Certified Nursing Assistant Skills
- CPR Certified
- Vital Signs
- Patient Care
- EHR Software
- Wound Care
- Infection Control
- HIPAA Compliance
- Mobility Assistance
- ADL Support
- Charting Accuracy
- Medication Administration
- Phlebotomy Skills
1. CPR Certified
CPR Certified means a CNA has completed accredited training and passed evaluation in Cardiopulmonary Resuscitation, demonstrating the ability to respond to cardiac or respiratory arrest with high‑quality compressions, rescue breathing, and AED use.
Why It's Important
CPR certification arms CNAs with lifesaving techniques during the first chaotic minutes of an emergency, buying time, protecting brain function, and improving survival while advanced help arrives.

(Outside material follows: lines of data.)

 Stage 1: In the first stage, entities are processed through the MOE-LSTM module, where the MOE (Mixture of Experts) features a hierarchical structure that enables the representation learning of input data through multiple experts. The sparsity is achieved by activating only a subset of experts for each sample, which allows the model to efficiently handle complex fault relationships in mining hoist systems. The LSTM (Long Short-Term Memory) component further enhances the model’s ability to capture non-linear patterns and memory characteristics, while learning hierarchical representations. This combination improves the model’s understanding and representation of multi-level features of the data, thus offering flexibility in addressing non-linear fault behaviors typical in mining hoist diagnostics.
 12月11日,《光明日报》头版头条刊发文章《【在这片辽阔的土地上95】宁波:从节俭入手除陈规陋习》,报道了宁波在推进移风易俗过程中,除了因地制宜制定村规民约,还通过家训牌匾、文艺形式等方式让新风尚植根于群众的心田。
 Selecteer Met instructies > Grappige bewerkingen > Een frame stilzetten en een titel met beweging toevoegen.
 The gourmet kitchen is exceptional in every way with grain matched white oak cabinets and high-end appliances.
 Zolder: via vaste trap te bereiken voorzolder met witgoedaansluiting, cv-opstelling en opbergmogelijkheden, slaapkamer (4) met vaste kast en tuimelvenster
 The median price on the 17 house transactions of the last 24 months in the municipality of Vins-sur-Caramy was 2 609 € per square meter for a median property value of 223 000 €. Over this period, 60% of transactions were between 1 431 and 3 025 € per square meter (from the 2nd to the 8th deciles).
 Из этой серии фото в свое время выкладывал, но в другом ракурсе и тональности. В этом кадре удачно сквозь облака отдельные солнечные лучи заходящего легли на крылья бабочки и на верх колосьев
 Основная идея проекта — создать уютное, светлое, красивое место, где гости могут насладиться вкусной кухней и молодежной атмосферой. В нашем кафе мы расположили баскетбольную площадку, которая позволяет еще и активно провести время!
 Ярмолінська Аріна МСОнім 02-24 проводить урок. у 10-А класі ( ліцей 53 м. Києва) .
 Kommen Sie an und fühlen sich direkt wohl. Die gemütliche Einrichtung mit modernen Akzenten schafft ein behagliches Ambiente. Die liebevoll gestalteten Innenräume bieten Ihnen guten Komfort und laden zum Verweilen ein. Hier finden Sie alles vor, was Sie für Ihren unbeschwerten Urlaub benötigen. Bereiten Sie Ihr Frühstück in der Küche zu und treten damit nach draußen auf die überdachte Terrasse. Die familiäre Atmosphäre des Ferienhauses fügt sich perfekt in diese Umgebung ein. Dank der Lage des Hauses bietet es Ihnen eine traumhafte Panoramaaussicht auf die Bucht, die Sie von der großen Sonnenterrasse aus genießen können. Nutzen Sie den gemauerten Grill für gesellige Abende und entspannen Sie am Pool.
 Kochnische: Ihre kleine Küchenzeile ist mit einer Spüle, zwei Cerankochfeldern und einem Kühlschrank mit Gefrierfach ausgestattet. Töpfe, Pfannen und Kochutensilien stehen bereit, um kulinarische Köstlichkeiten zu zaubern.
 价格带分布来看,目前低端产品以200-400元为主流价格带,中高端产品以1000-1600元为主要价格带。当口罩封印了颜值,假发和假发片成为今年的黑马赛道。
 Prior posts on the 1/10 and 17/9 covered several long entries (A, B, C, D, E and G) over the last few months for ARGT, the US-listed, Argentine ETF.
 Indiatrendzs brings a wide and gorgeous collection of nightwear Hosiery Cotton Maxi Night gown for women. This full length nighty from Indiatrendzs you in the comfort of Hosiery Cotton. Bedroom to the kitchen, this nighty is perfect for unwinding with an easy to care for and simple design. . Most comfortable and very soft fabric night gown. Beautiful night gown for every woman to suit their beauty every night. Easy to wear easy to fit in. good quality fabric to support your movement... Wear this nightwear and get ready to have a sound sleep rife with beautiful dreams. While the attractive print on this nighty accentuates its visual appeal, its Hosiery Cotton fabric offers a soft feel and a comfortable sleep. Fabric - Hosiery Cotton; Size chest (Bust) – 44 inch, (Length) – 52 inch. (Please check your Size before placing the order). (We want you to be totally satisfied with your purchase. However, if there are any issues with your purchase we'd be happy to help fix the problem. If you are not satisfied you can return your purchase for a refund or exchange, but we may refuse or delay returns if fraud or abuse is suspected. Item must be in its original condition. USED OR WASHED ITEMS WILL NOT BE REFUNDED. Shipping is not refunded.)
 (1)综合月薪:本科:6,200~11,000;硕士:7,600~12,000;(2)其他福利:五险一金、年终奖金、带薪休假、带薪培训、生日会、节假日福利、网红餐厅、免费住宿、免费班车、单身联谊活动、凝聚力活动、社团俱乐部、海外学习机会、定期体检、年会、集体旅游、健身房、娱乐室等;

How to Improve CPR Certified Skills
Renew before expiration and review updates to keep skills sharp and protocols current.
Practice on feedback manikins to hone depth, rate, recoil, and compression fraction.
Drill team roles: compressor, ventilations, AED, runner—switch efficiently to prevent fatigue.
Build muscle memory for AED steps; minimize pauses between analyses and compressions.
Debrief after mock codes; capture what lagged, fix it in the next run.
How to Display CPR Certified Skills on Your Resume

2. Vital Signs
Vital signs are core indicators of a patient’s status—temperature, pulse, respirations, blood pressure—and often oxygen saturation and pain score per facility policy. CNAs obtain, document, and report them promptly.
Why It's Important
They flag deterioration early, guide interventions, and establish trends that help the team act before a small problem snowballs.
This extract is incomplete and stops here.